═════ Extracted data
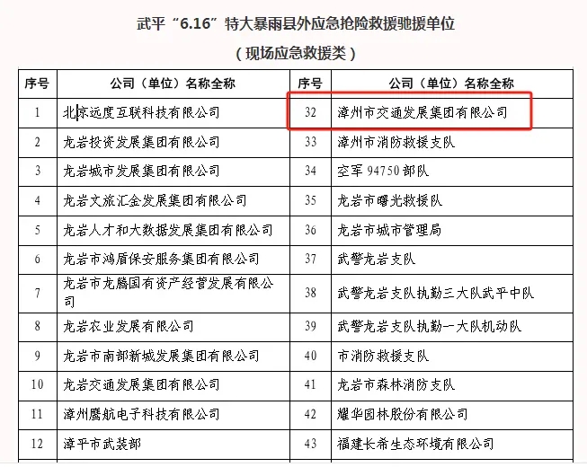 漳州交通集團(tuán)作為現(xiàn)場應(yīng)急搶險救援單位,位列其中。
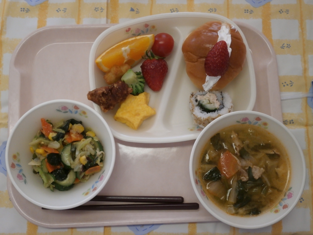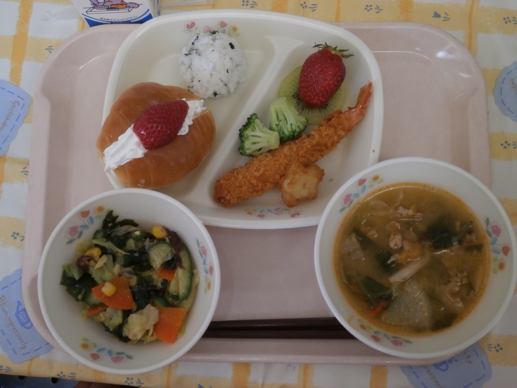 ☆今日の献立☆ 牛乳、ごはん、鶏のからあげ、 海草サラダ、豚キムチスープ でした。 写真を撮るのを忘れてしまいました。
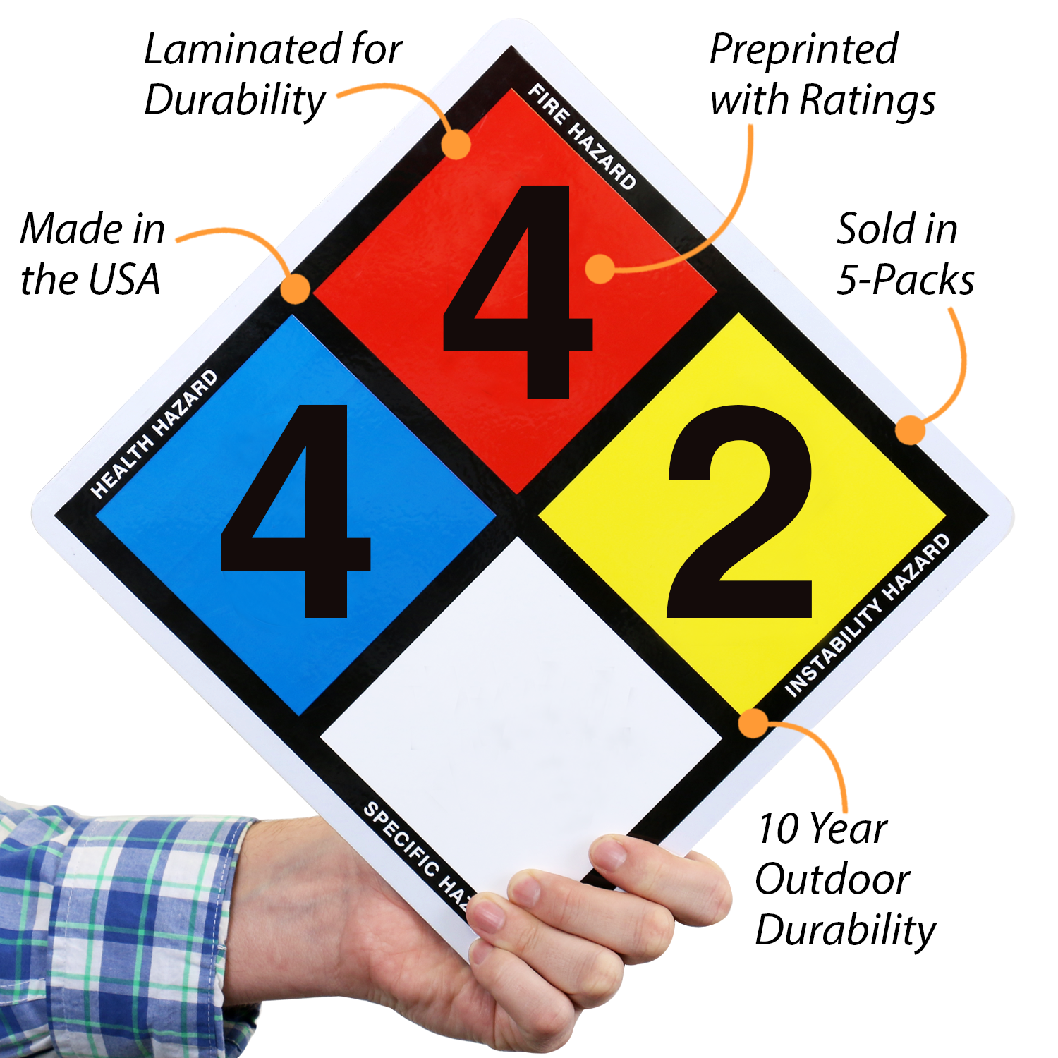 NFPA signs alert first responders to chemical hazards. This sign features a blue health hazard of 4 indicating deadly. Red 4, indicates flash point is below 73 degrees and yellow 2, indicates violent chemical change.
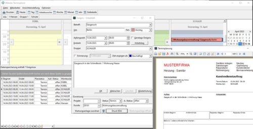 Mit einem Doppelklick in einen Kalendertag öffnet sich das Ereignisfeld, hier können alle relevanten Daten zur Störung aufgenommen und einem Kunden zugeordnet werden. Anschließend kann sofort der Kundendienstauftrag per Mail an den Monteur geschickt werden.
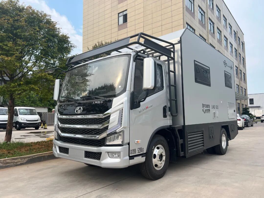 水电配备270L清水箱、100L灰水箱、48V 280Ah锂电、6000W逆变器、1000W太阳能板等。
══════════
*Task directions:* Would you print the material exactly once more, without any of its pictures?

*Solution below:*
 漳州交通集團(tuán)作為現(xiàn)場應(yīng)急搶險救援單位,位列其中。
 ☆今日の献立☆ 牛乳、ごはん、鶏のからあげ、 海草サラダ、豚キムチスープ でした。 写真を撮るのを忘れてしまいました。
 NFPA signs alert first responders to chemical hazards. This sign features a blue health hazard of 4 indicating deadly. Red 4, indicates flash point is below 73 degrees and yellow 2, indicates violent chemical change.
 Mit einem Doppelklick in einen Kalendertag öffnet sich das Ereignisfeld, hier können alle relevanten Daten zur Störung aufgenommen und einem Kunden zugeordnet werden. Anschließend kann sofort der Kundendienstauftrag per Mail an den Monteur geschickt werden.
 水电配备270L清水箱、100L灰水箱、48V 280Ah锂电、6000W逆变器、1000W太阳能板等。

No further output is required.